- HOW TO COMPLETE THIS TASK
Once you find the line below that has "I need to create", output it and every line after it exactly, stopping after the line that has "5月29日,船只在長江瞿塘峽", with no pictures.

- DATASET
☆ ☆ ☆ ☆ ☆ ☆ ☆

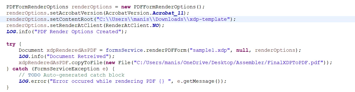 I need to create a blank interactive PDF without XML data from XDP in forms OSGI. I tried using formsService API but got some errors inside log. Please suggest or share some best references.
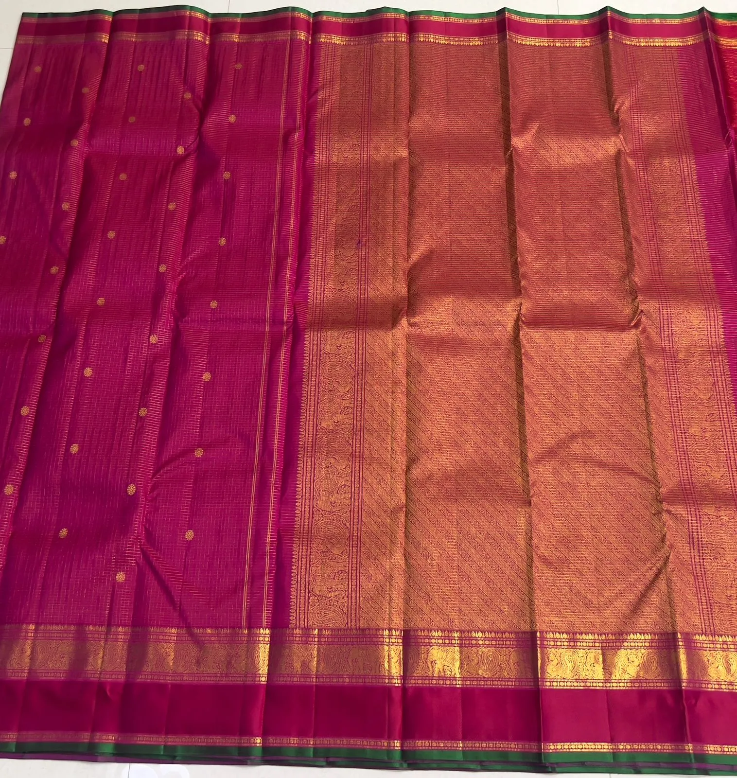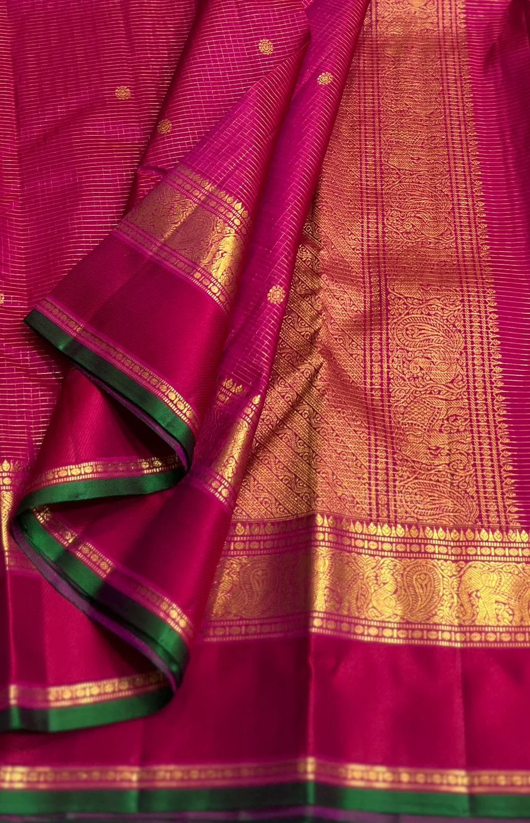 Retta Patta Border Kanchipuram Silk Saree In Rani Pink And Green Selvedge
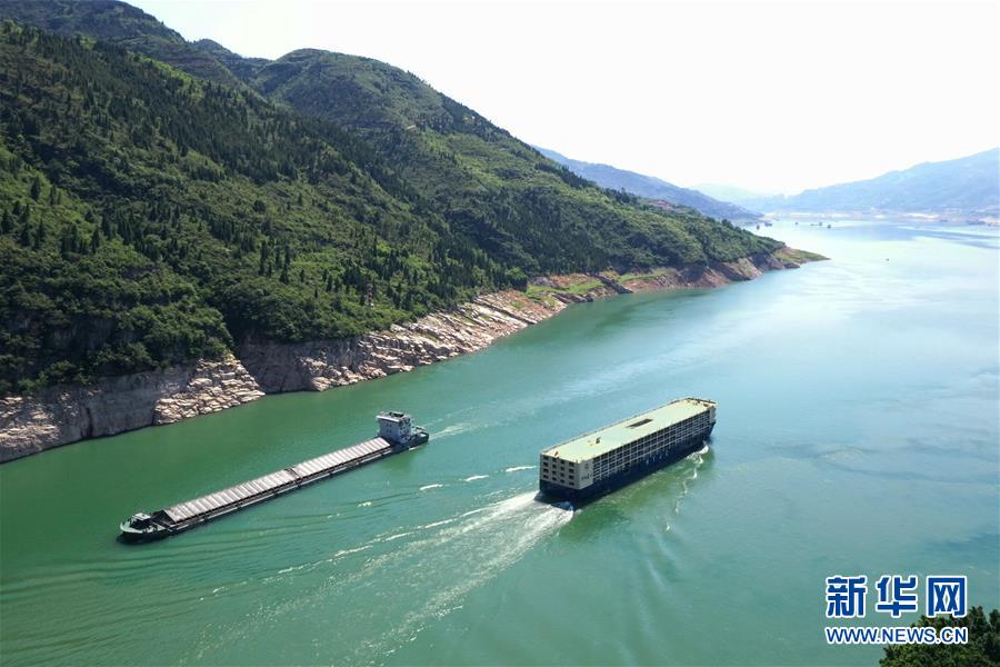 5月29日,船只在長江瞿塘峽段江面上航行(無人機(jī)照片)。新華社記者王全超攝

☆ ☆ ☆ ☆ ☆ ☆ ☆

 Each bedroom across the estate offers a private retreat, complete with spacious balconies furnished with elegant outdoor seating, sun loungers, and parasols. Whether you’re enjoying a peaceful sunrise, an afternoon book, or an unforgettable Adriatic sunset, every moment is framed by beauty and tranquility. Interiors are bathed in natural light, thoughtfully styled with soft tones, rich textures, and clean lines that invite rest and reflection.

☆ ☆ ☆ ☆ ☆ ☆ ☆

- ANSWER BELOW
 I need to create a blank interactive PDF without XML data from XDP in forms OSGI. I tried using formsService API but got some errors inside log. Please suggest or share some best references.
 Retta Patta Border Kanchipuram Silk Saree In Rani Pink And Green Selvedge
 5月29日,船只在長江瞿塘峽段江面上航行(無人機(jī)照片)。新華社記者王全超攝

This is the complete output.